I have learnt that having consistent deployment procedures when you deploy applications written in three different languages is not possible. Layers and layers of decoration buffers must be applied between the deployment procedure and the applications for that to happen and God help you if you have to then debug something. Java is very different from Ruby and Perl. And even though the latter are both interpreted, the way they manage dependencies and interact with other system layers is different. At least the way we do it. Choose one platform, if you can, and stick with it, if you can. It makes deployment, debugging, rollbacks and dependencies much much easier.
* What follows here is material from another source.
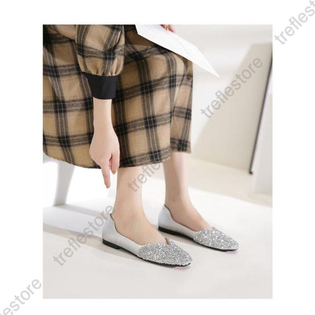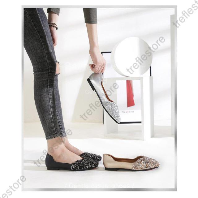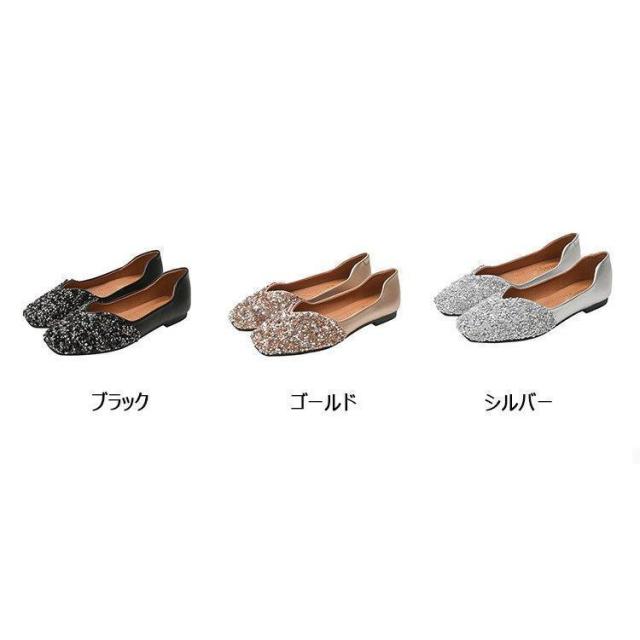 【ポイント5倍!】パンプス フラットパンプス レディース 春夏 パンプス スクエアトゥ 美脚 履きやすい 痛くない 靴 レディースシューズ パーティー 結婚式 キラキラ オシャレ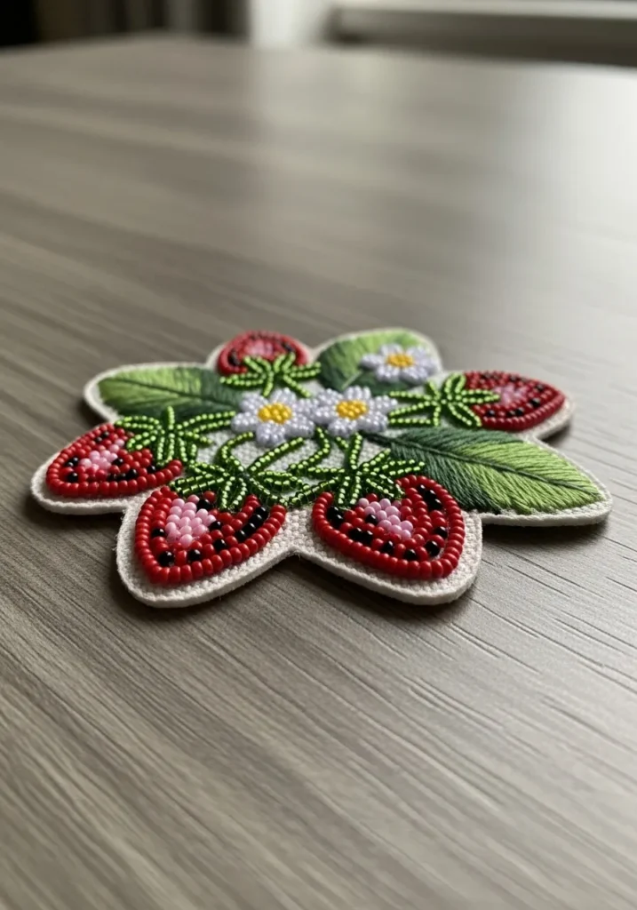 This lovely small bead embroidery pattern brings together juicy red strawberries, tiny white blossoms, and soft green leaves in one charming little design. The strawberries are stitched with glossy red and pink seed beads, dotted with tiny black beads for seeds, while the leaves show delicate thread shading that adds texture and depth. Petite white and yellow bead flowers sit at the center, all neatly arranged on a soft fabric base with a clean embroidered edge that frames the whole piece beautifully.

I learnt Puppet is very cool. I managed to give access to a bunch of users across different environments, documented the change and kept the history of the change for posterity using puppet in a few simple steps. I will however have to shelve my idea of using Babushka and Puppet together. (I think I had had too much coffee at that time).
Last thing I learnt is that canadians have a very good sense of humour, no matter how much you needle them about maple syrup, or ice hockey or you know, basically being Canadian. They are a lot of fun to work with! Mad props to Jared and Kerri for giving me that belief. Come to think of it, even the tree we associate with Canada, the Maple tree and the tree associated with Kashmir, the Chinar tree are similar.